• Data for analysis:
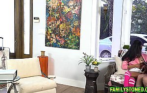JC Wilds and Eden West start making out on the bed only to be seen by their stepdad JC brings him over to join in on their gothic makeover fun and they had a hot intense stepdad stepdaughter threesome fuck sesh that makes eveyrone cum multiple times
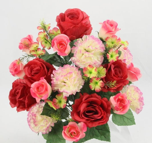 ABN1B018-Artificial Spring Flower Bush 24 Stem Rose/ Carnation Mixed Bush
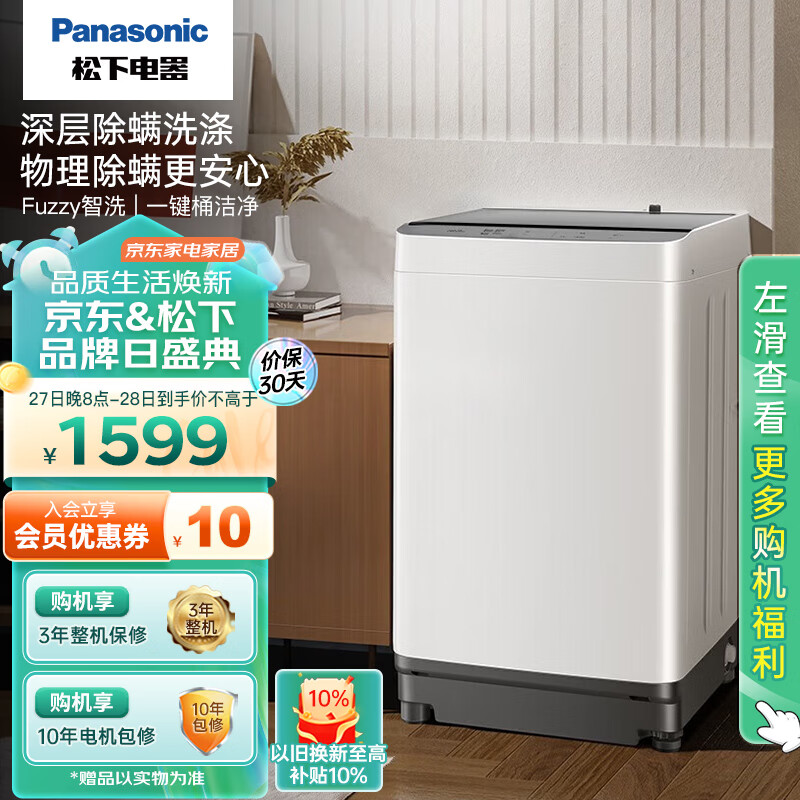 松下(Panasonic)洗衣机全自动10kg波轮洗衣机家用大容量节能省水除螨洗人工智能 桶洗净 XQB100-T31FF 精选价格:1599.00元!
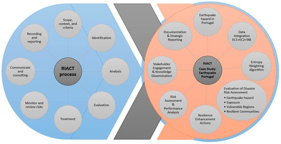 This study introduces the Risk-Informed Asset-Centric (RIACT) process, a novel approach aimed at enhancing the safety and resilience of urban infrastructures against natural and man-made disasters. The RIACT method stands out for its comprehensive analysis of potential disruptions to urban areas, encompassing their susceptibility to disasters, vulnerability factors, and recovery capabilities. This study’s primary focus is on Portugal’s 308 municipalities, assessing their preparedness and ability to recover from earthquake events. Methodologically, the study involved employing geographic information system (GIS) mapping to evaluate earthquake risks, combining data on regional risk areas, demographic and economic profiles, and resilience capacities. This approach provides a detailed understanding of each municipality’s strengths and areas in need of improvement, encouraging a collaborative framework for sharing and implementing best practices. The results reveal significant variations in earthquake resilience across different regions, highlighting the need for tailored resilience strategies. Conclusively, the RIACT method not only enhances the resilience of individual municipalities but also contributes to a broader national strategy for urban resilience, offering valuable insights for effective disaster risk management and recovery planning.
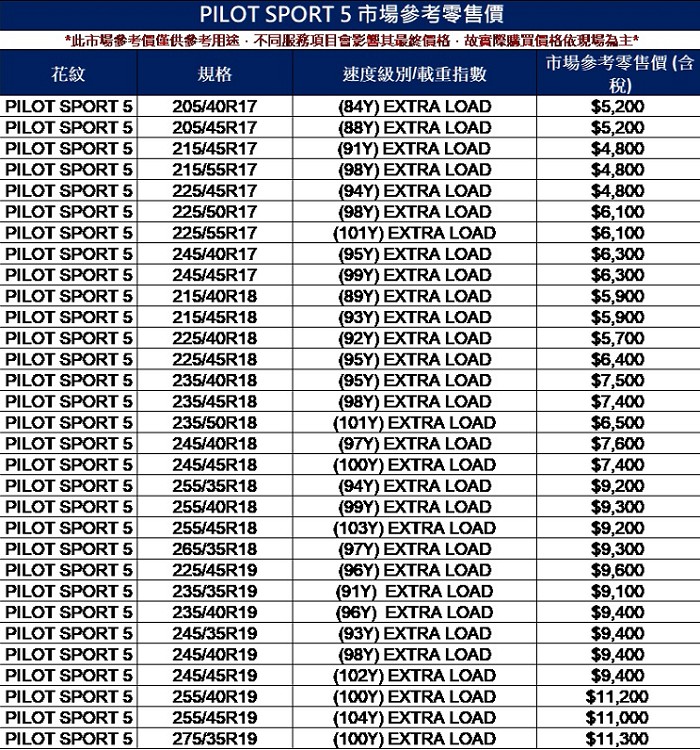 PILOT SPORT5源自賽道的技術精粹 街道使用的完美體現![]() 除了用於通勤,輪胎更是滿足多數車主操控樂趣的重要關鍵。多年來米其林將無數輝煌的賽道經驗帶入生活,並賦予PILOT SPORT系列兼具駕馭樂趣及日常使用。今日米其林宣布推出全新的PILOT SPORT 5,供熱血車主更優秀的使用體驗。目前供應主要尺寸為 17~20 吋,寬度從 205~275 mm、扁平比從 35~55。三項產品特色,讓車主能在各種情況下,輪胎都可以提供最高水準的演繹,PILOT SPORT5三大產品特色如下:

• Exercise: The task calls for repeating each line above exactly while excluding the pictures.

• Reply:
JC Wilds and Eden West start making out on the bed only to be seen by their stepdad JC brings him over to join in on their gothic makeover fun and they had a hot intense stepdad stepdaughter threesome fuck sesh that makes eveyrone cum multiple times
 ABN1B018-Artificial Spring Flower Bush 24 Stem Rose/ Carnation Mixed Bush
 松下(Panasonic)洗衣机全自动10kg波轮洗衣机家用大容量节能省水除螨洗人工智能 桶洗净 XQB100-T31FF 精选价格:1599.00元!
 This study introduces the Risk-Informed Asset-Centric (RIACT) process, a novel approach aimed at enhancing the safety and resilience of urban infrastructures against natural and man-made disasters. The RIACT method stands out for its comprehensive analysis of potential disruptions to urban areas, encompassing their susceptibility to disasters, vulnerability factors, and recovery capabilities. This study’s primary focus is on Portugal’s 308 municipalities, assessing their preparedness and ability to recover from earthquake events. Methodologically, the study involved employing geographic information system (GIS) mapping to evaluate earthquake risks, combining data on regional risk areas, demographic and economic profiles, and resilience capacities. This approach provides a detailed understanding of each municipality’s strengths and areas in need of improvement, encouraging a collaborative framework for sharing and implementing best practices. The results reveal significant variations in earthquake resilience across different regions, highlighting the need for tailored resilience strategies. Conclusively, the RIACT method not only enhances the resilience of individual municipalities but also contributes to a broader national strategy for urban resilience, offering valuable insights for effective disaster risk management and recovery planning.
 PILOT SPORT5源自賽道的技術精粹 街道使用的完美體現![]() 除了用於通勤,輪胎更是滿足多數車主操控樂趣的重要關鍵。多年來米其林將無數輝煌的賽道經驗帶入生活,並賦予PILOT SPORT系列兼具駕馭樂趣及日常使用。今日米其林宣布推出全新的PILOT SPORT 5,供熱血車主更優秀的使用體驗。目前供應主要尺寸為 17~20 吋,寬度從 205~275 mm、扁平比從 35~55。三項產品特色,讓車主能在各種情況下,輪胎都可以提供最高水準的演繹,PILOT SPORT5三大產品特色如下:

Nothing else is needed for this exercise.